Grupo do hospital da Candelária com o índio "Pete", já recuperado e Indio Caripuna tratado pelo pessoal do hospital - Fotos Dana Merrill
Ao ser encontrado, o índio estava em péssimo estado de saúde e ainda achava que iria ser morto sem piedade pelos "brancos", o que evidentemente não ocorreu, pois o médico-chefe do hospital de Candelária, Dr. Lovelace resolveu cuidar do índio, até mesmo como estratégia para estabelecimento de boas relações com os índios. Como a ferida estava bastante infectada, havendo comprometido a perna, o Dr. Lovelace resolveu amputar a perna direita do índio, que a essa altura já era conhecido carinhosamente pelos médicos e enfermeiras como "Caripuna Pete". Feita a cirurgia e restabelecido o indio "Pete", o médico mandou vir dos E.E.U.U. um aparelho ortopédico que substituísse a perna amputada. alguns meses depois, quando o índio já estava recuperado, também devido à excelente alimentação (se comarada à disponível na selva..), a Companhia fez com qu eele retornasse à sua tribo.

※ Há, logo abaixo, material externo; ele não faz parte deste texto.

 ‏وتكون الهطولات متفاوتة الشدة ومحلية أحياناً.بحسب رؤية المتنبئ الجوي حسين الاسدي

Imaginem o espanto dos Caripunas ao ter de volta, com uma perna "fria", um membro da tribo julgado morto e enterrado há meses. Previsivelmente, depois de apenas alguns dias de trabalho de "convencimento", ele voltou ao acampamento de trabalhadores, trazendo em sua companhia quatorze índios também doentes de diversas enfermindade, selando dessa forma a amizade entre o pessoal da estrada e os Caripunas.

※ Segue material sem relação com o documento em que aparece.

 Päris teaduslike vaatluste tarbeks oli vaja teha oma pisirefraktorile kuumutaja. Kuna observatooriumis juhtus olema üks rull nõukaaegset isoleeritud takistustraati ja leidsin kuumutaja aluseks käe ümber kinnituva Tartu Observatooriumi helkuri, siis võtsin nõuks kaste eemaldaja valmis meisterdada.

Indios amistosos na selva e com os Americanos. Vê-se um deles com a arma típica dos Americanos, a Winchester - Foto Dana Merrill
Mas, a construção ia adiantando-se, e quanto mais entrava na selva amazônica, ia encontrando novas tribos de índios. Entre muitos, destacamos os Guaravos, Parintintins, Caxararis, Mundurucus. Em termos de incidentes mais sérios, temos que em dezembro de 1912 no quilômetro 320, houve dois ataques de índios aos trabalhadores da estrada, resultando do primeiro um morto a flechadas, e do segundo, um ferido também a flechadas. Mas, a essa altura, a ferrovia já estava pronta. Nos anos seguintes, índios de diversas tribos nunca deixaram de criar ambiente de apreensões ao longo da estrada. Ainda hoje, os Pacaás-Novos, não obstante não ataquem a linha, constituem problema no Território de Rondônia, nas proximidades da estrada de ferro.